> [Task prompt]
Under this line are the records; repeat exactly the lines starting at the one containing "Formulated with a" and ending at the one containing "VGAプラグ3列15ピン90", omitting pictures.

·····

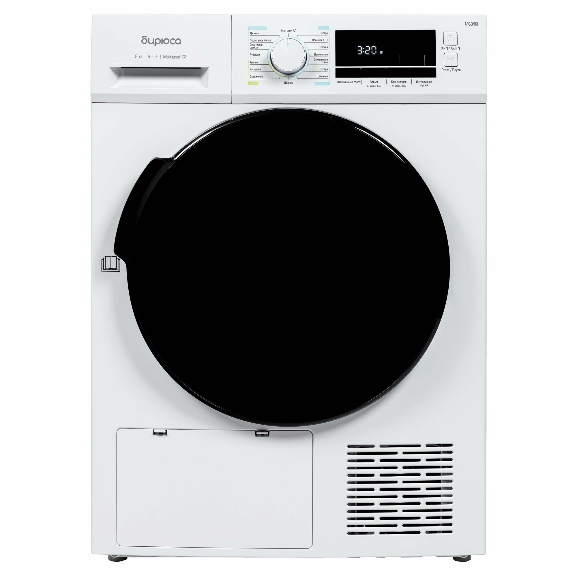 Купить Сушильная машина 8кг с тепловым насосом Heat Pump, с большим дисплеем, съемный фильтр, Бирюса DM-MG8/03, цвет Белый
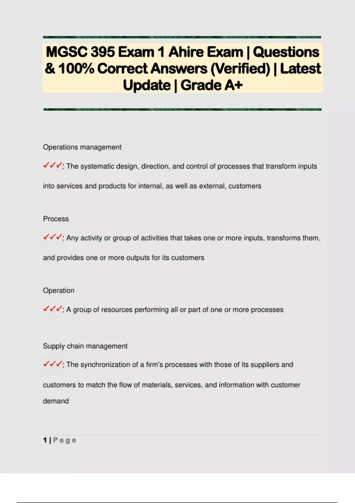 mgsc 395 exam 1 ahire exam questions 100 cor
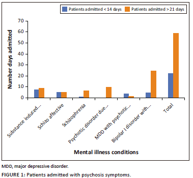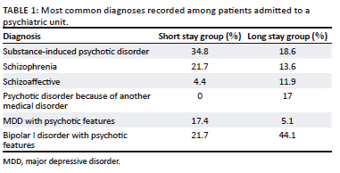 Shorter stays in psychiatry wards at SBAH were associated with younger males presenting with conditions that require rapid stabilisation. Long stay was found to be associated with older females with primary psychotic disorders and comorbidities. In this setting, a digital system that records data to avoid missing files and loss of information is needed. Although deinstitutionalisation remains a challenge in South Africa, patients' family members assist with continuation of care; hence, 95% of patients in the SSG had family support.
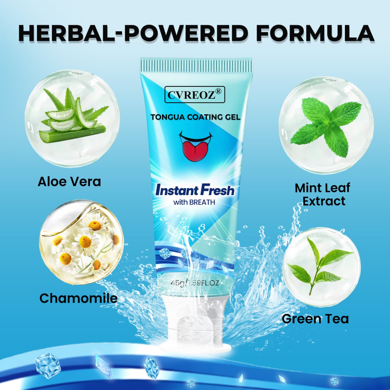 Formulated with a natural herbal complex of Mint Leaf Extract, Aloe Vera, Chamomile, and Green Tea, Cvreoz® gently dissolves tongue buildup and neutralizes odor-causing bacteria without the use of harsh chemicals. This soothing botanical blend provides a triple-action effect:
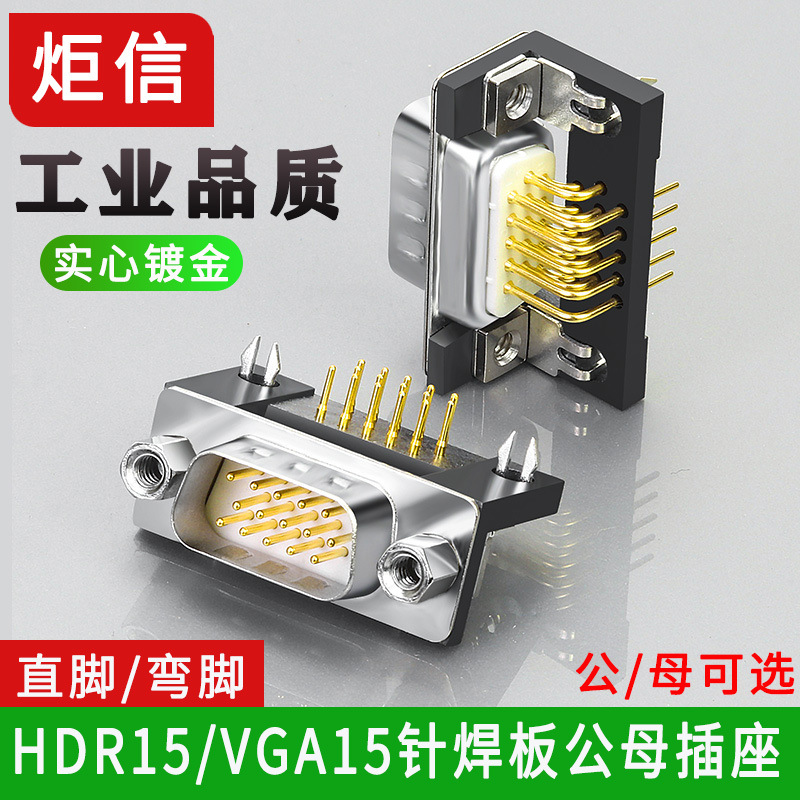 VGAプラグ3列15ピン90度ベンドhd 15溶接板雄座15pインターフェース回路基板DB15ピンコネクタ
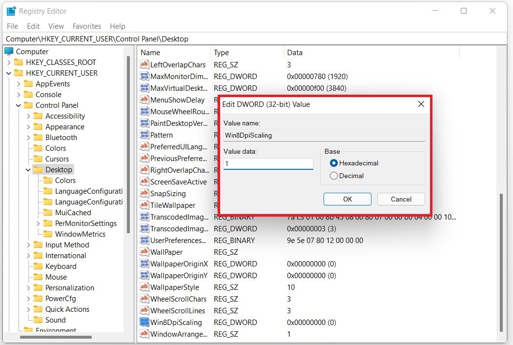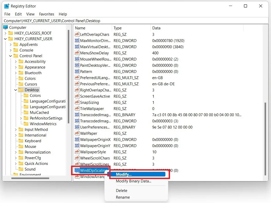 On the right hand side, select Win8DpiScaling on the bottom here, and go to Modify.
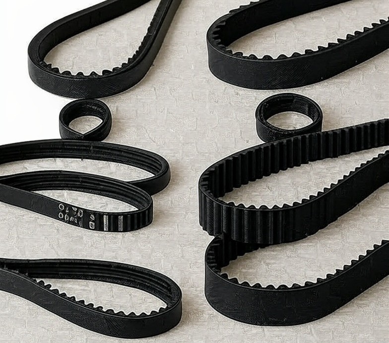 Industrial Belts enable machinery power transmission, with V-belts wedging into pulleys for slippage-free torque and timing belts using teeth for precise synchronization. V-belt types include classical A/B/C for general use, narrow 3V/5V/8V for compact high-power, and cogged/banded for flexible multi-pulley setups. Timing belt variants feature HTD for heavy torque loads, GT with curvilinear teeth for smooth engagement, and PU for precision in automotive and robotics.
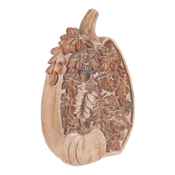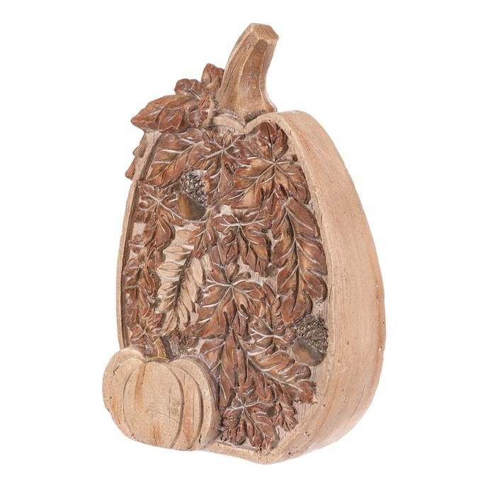 Dýně s osvětlením v imitaci dřeva a s podzimním listím se žaludy přináší do vaší zahrady kouzelnou podzimní atmosféru. Vyrobená je z magnesia, ale svým zpracováním skvěle zapadne mezi dřeviny a keře. Dekorace je vybavena osvětlením, díky kterému můžete rozsvítit vybrané místo, čímž vytvoříte zejména za temných večerů, skutečně tajemnou atmosféru. Tato dekorace je skvělou volbou pro zahradu, terasu, balkon, případně i stylovým prvkem vybraného místa v interiéru.
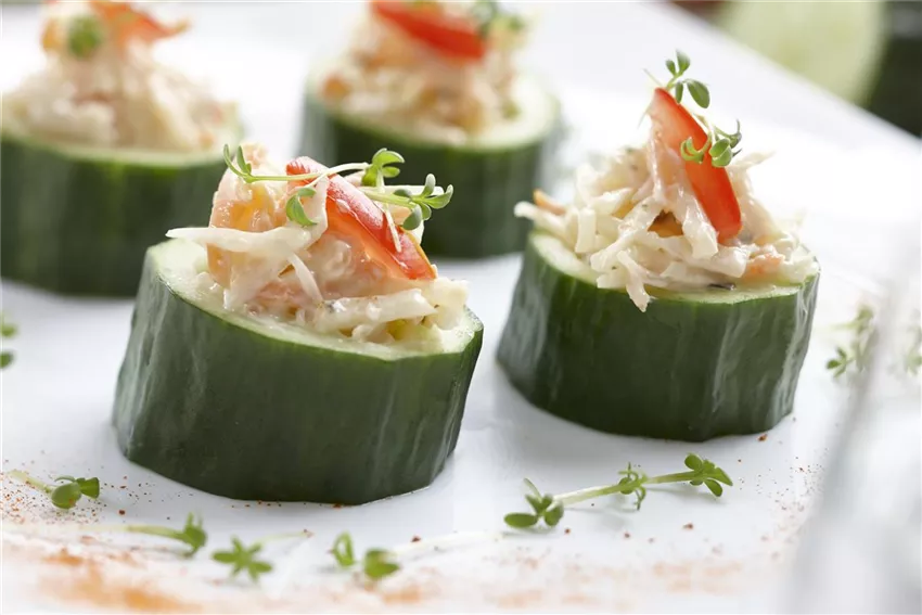 Die Gurken, Zwiebeln, Tomaten und Paprika in eine Schüssel geben und die Sauce darüber gießen, dann alles vermengen. Den Mozzarella in Stücke schneiden und über den Salat geben. Die ausgehöhlten Gurkenscheiben auf einen Teller legen, mit dem Salat füllen und mit etwas Gartenkresse bestreuen.
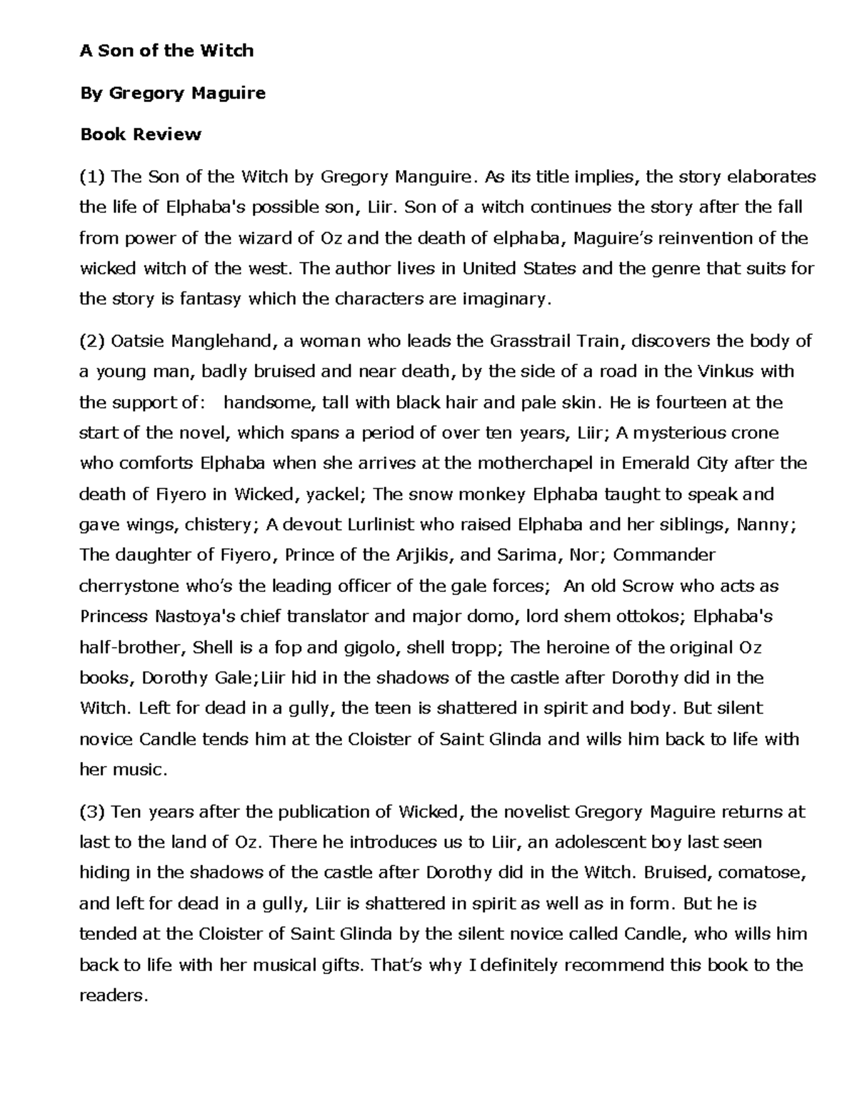 Book Review A Son Of A Witch A Son Of The Witch By Gregory Maguire Book Review 1 The Son Of The Studocu
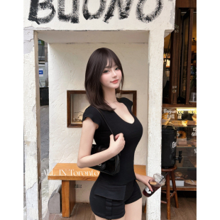 女百搭口袋显腿长高弹休闲裤 ALLIN 韩系纯欲性感高腰紧身包臀短裤
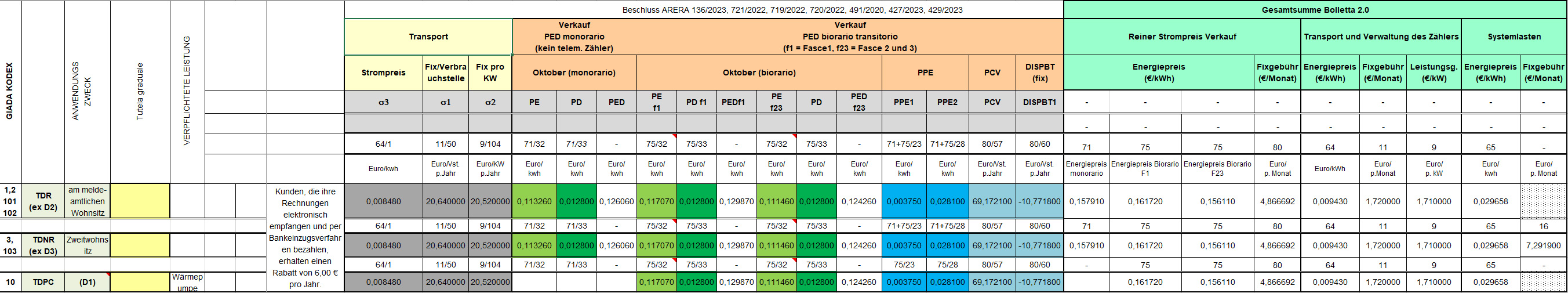 Haushaltsstrom Tarife - Tariffe A Uso domestico
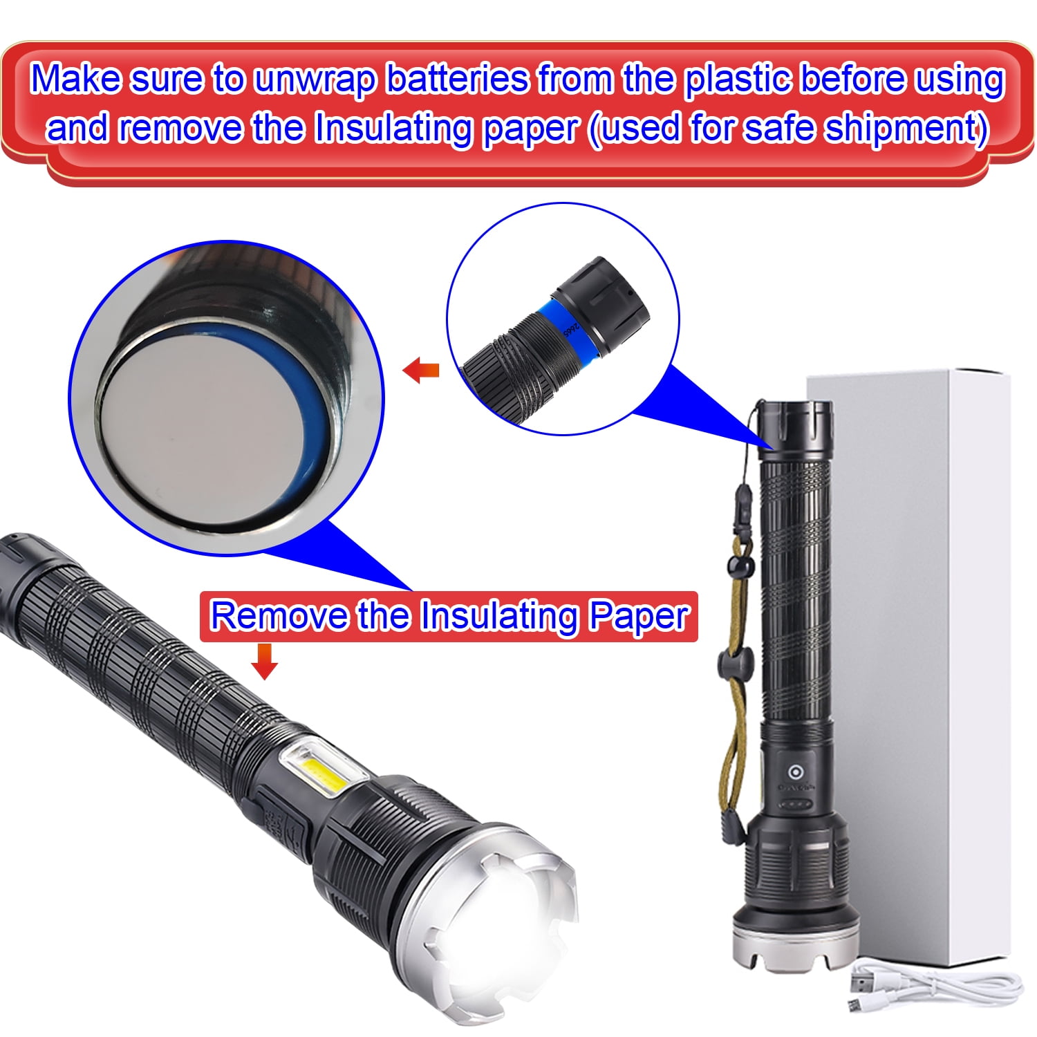 Rechargeable Flashlight High Lumens Zoomable Best Floodlight Spotlight Strobe Light Lanterns World’s Brightest Flashlight for Outdoor Emergencies Camping Fishing Power Outage Cars
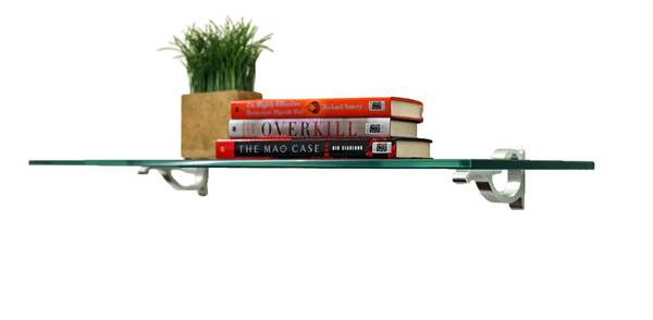#4 Floating Glass Shelves With Chrome Brackets Glass: 21" x 6" x 3/8", clean, no scratches, only had plastic supplement bottles on them Monarch Chrome Brackets: 3" H x 5" D x 3/4" W Thick Clear...
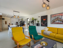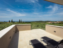 4-rums-villa 150 m2 med 2 våningar. Vackert inredd: vardags-/matrum med TV och luftkonditionering. Utgång till terrassen. 1 rum med 1 fransk säng (160 cm, längd 200 cm), luftkonditionering. Utgång till terrassen. 1 rum med 1 fransk säng (160 cm, längd 200 cm). Utgång till terrassen. Öppet kök (ugn, diskmaskin, 4 Induktionshäll, brödrost, vattenkokare, mikrovågsugn, frys, elektrisk kaffemaskin). Sep. Toalett, badkar/dusch/toalett. Övre våning: 1 rum med 1 fransk säng (160 cm, längd 200 cm), TV och luftkonditionering. Utgång till terrassen. Dusch/toalett. Uppvärmning, varmluftsuppvärmning. Terrass 45 m2, terrass 55 m2. Terrassmöbler, utegrill (flyttbar), vilstolar (6). Utsikt på landskapet. Till förfogande: kassaskåp, strykjärn, myggnät, hög barnstol, barnsäng, hårtork. Internet (Trådlös LAN [WLAN] , gratis). Notera: rökfritt hus. Brandsläckare.- Utrustning
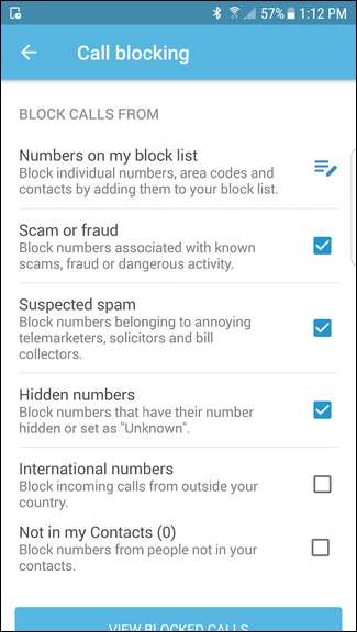Если вы просто хотите заблокировать все телемаркетинговые или спам-звонки, Mr. Number может сделать это автоматически. Он имеет три типа автоматической блокировки: мошенничество / мошенничество, подозрение на спам и скрытые номера. Каждую из этих категорий также можно переключать индивидуально. Он также может блокировать отдельные номера и даже все номера, которых нет в вашем списке контактов. Он становится сумасшедшим.
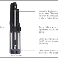 La cartouche filtrante en cĂ©ramique imprĂ©gnĂ©e dâargent Ă©limine les bactĂ©ries, les kystes et les sĂ©diments. Elle est nettoyable. Les granulĂ©s de charbon actif prĂ©sents dans le filtre rĂ©duisent la teneur en substances chimiques et amĂ©liorent le goĂ»t de lâeau.
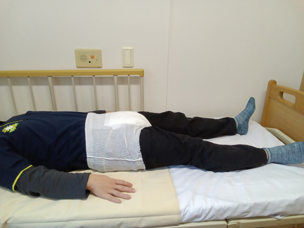 モデルに対して用意していたオムツが小さかったため、テープの位置がギリギリですが・・・(;^ω^)
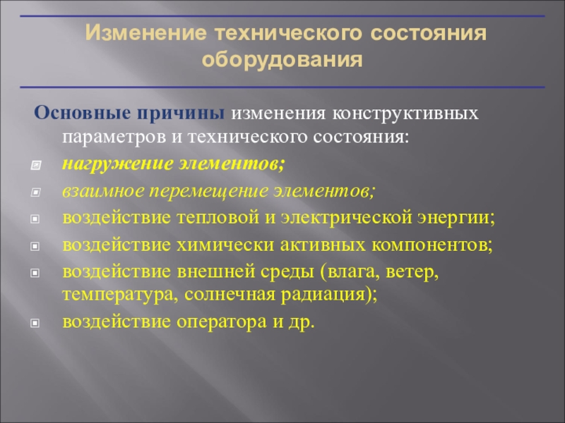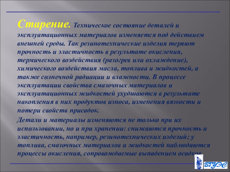 Слайд 16Старение. Техническое состояние деталей и эксплуатационных материалов изменяется под действием внешней
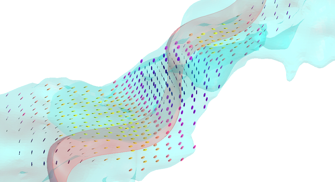 Variable orientation provides a similar control over the changing direction of anisotropy for the purposes of improving local value estimates, orienting the search space and variogram according to local characteristics. Variable orientation is visualised using lines or, as in this illustration, flat disks with a line indicating the orientation of the maximum axis direction for each search space local to each centroid. Here the disks have also been coloured reflecting the Dip direction.
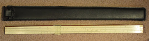 I got this from a friend whose young son had gotten hold of it and somewhere lost the cursor. It should have an all-glass cursor. Thanks to Clark McCoy, you can see what this rule looks like when outfitted with the proper cursor. But even without it, it's a nice old rule.
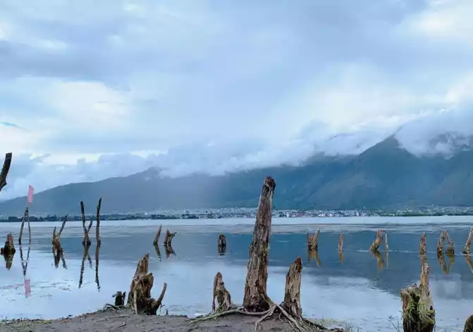 When you go around Erhai Lake, you can see three pagodas standing between Cang'er in the distance.

·····

> [Answer section]
 Formulated with a natural herbal complex of Mint Leaf Extract, Aloe Vera, Chamomile, and Green Tea, Cvreoz® gently dissolves tongue buildup and neutralizes odor-causing bacteria without the use of harsh chemicals. This soothing botanical blend provides a triple-action effect:
 VGAプラグ3列15ピン90度ベンドhd 15溶接板雄座15pインターフェース回路基板DB15ピンコネクタ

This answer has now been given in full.